Unable to validate passwordhash+salt created using php password_hash() using jBcrypt

Question

We are migrating our authentication module from PHP to Java. Currently the password hash+salt is stored in the database using BCrypt algorithm. This value is generated by using PHP's password_hash() function. For validating plain text password, we are using PHP's password_verify() function.

PHP code

$hash = password_hash($password,PASSWORD_DEFAULT); //stored in db

if(password_verify($candidate,$hash)===TRUE) { //$hash fetched from DB
    echo "valid";
}

For migrating this auth module to Java, we are using jBCrypt library by using jBCrypt-0.4.jar

Java code

private static String hashPassword(String password) {
    String hashed = BCrypt.hashpw(password, BCrypt.gensalt());
    return hashed;
}

private static boolean checkpasword(String candidate, String hashed){
    boolean matches = false;

    if (BCrypt.checkpw(candidate, hashed)){
        matches = true;
    }

    return matches;
}

However, the passwordhash+salt generated from php is not being validated in java. For the string 'abcd' , the hash+salt generated is

PHP - $2y$10$SA4iLMAniuNO6p9P1ZJElePaJvlN5eHGZ2dDt2Mutle4FQr1OY4hC

Java - $2a$10$YnqJT5NPCPTI8qKBbLfgIOIOW4eckdbE1R85tJGNRUJKmxz1TLkWG

When I tried matching the string generated using PHP in Java using

 if (BCrypt.checkpw("abcd", "$2y$10$SA4iLMAniuNO6p9P1ZJElePaJvlN5eHGZ2dDt2Mutle4FQr1OY4hC")){
    matches = true;
} 

I was getting the below

Exception in thread "main" java.lang.IllegalArgumentException: Invalid salt revision at org.mindrot.jbcrypt.BCrypt.hashpw(BCrypt.java:665) at org.mindrot.jbcrypt.BCrypt.checkpw(BCrypt.java:764)...`

How do I make both compatible ?

Answer 1

The hash generated by password_hash() in PHP includes the salt. Which means when you're checking it against the plain-text password, the same salt is used to generate a hash against the plain-text password, and the two hashes are compared in a constant time manner for verification.

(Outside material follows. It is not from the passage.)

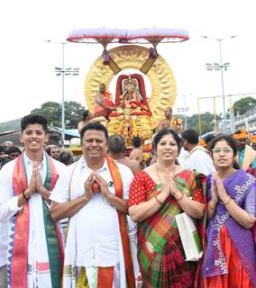 జనసేన పార్టీ రాష్ట్ర PAC సభ్యులు, ఉమ్మడి చిత్తూరు చిత్తూరు జిల్లా అధ్యక్షులు & ఆంధ్రప్రదేశ్ హస్తకళా నైపుణ్యాభివృద్ధి సంస్థ చైర్మన్ డాక్టర్ పసుపులేటి హరిప్రసాద్ గారు కుటుంబ సమేతంగా తిరుమల శ్రీవారి సాలకట్ల బ్రహ్మోత్సవాల సందర్భంగా స్వామివారి వాహనాలను మోసే వాహన బేరర్లకు రూ.లక్ష రూపాయలను బ్రహ్మోత్సవ బహుమానంగా అందజేశారు. ఈ సందర్భంగా డాక్టర్ పసుపులేటి హరిప్రసాద్ మాట్లాడుతూ…“గత 13 సంవత్సరాలనుండి ప్రతి ఏటా బ్రహ్మోత్సవాల్లో వాహన బేరర్లకు లక్ష రూపాయలు బ్రహ్మోత్సవ బహుమానంగా ఇస్తున్నాం. స్వామివారి సేవలో ఎల్లప్పుడూ నిబద్ధతతో పాల్గొంటున్న వాహన బేరర్లకు ఈ బహుమానం ఇవ్వడం నాకు ఎంతో ఆనందంగా ఉంది” అని తెలిపారు.

What you're doing in Java is generating a different salt each time, which means you can't compare the two. Your Java implementation is using a different version, denoted by the $2a$ in your hash. Notice PHP is using $2y$ and the salts are clearly different.

From the PHP manual

Versions of PHP before 5.3.7 only support "$2a$" as the salt prefix: PHP 5.3.7 introduced the new prefixes to fix a security weakness in the Blowfish implementation. Please refer to » this document for full details of the security fix, but to summarise, developers targeting only PHP 5.3.7 and later should use "$2y$" in preference to "$2a$".

So you shouldn't be generating a new hash in Java to validate the existing hash that was generated by PHP and stored in your database. Instead, supply the stored hash to BCrypt.checkpasword for validation.